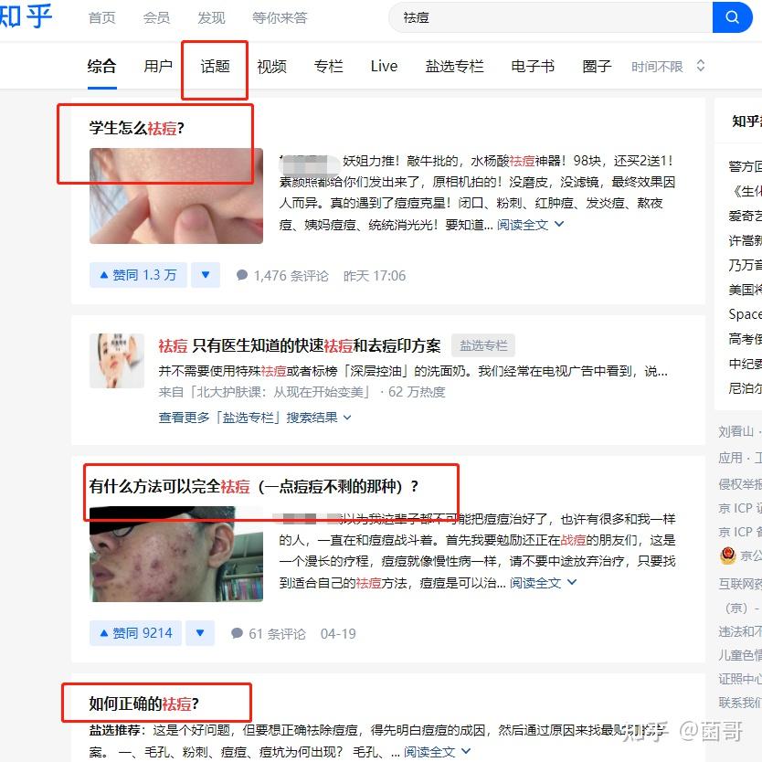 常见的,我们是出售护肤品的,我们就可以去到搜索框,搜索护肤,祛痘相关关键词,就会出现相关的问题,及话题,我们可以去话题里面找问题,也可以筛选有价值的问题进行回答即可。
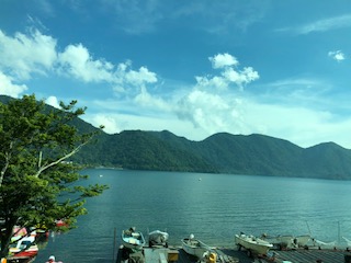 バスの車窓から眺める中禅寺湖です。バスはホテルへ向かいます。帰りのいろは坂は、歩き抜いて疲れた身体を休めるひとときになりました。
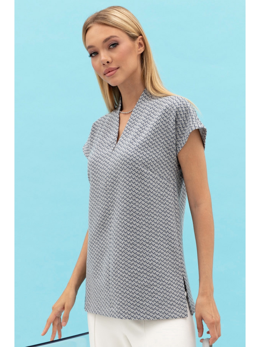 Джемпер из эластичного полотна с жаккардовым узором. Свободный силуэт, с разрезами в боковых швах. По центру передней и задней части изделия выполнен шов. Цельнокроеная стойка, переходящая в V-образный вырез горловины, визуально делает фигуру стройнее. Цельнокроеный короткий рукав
--
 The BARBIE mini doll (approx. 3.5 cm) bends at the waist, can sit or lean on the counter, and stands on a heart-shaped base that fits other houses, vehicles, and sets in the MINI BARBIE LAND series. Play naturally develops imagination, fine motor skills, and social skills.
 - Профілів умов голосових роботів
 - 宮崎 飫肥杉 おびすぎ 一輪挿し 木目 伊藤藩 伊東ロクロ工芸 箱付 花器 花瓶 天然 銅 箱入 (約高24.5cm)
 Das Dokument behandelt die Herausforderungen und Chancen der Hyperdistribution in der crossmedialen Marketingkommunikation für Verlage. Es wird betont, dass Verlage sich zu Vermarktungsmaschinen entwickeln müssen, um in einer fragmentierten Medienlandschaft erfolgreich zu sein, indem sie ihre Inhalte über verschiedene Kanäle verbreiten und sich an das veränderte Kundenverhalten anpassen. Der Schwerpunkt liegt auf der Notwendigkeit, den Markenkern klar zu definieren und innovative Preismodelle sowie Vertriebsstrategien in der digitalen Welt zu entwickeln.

◆ ACTIVITY: Copy out the lines above exactly, beginning at the one that contains "The BARBIE mini" and ending at the one that contains "- 宮崎 飫肥杉 おびすぎ".

◆ ANSWER TO THE EXERCISE:
 The BARBIE mini doll (approx. 3.5 cm) bends at the waist, can sit or lean on the counter, and stands on a heart-shaped base that fits other houses, vehicles, and sets in the MINI BARBIE LAND series. Play naturally develops imagination, fine motor skills, and social skills.
 - Профілів умов голосових роботів
 - 宮崎 飫肥杉 おびすぎ 一輪挿し 木目 伊藤藩 伊東ロクロ工芸 箱付 花器 花瓶 天然 銅 箱入 (約高24.5cm)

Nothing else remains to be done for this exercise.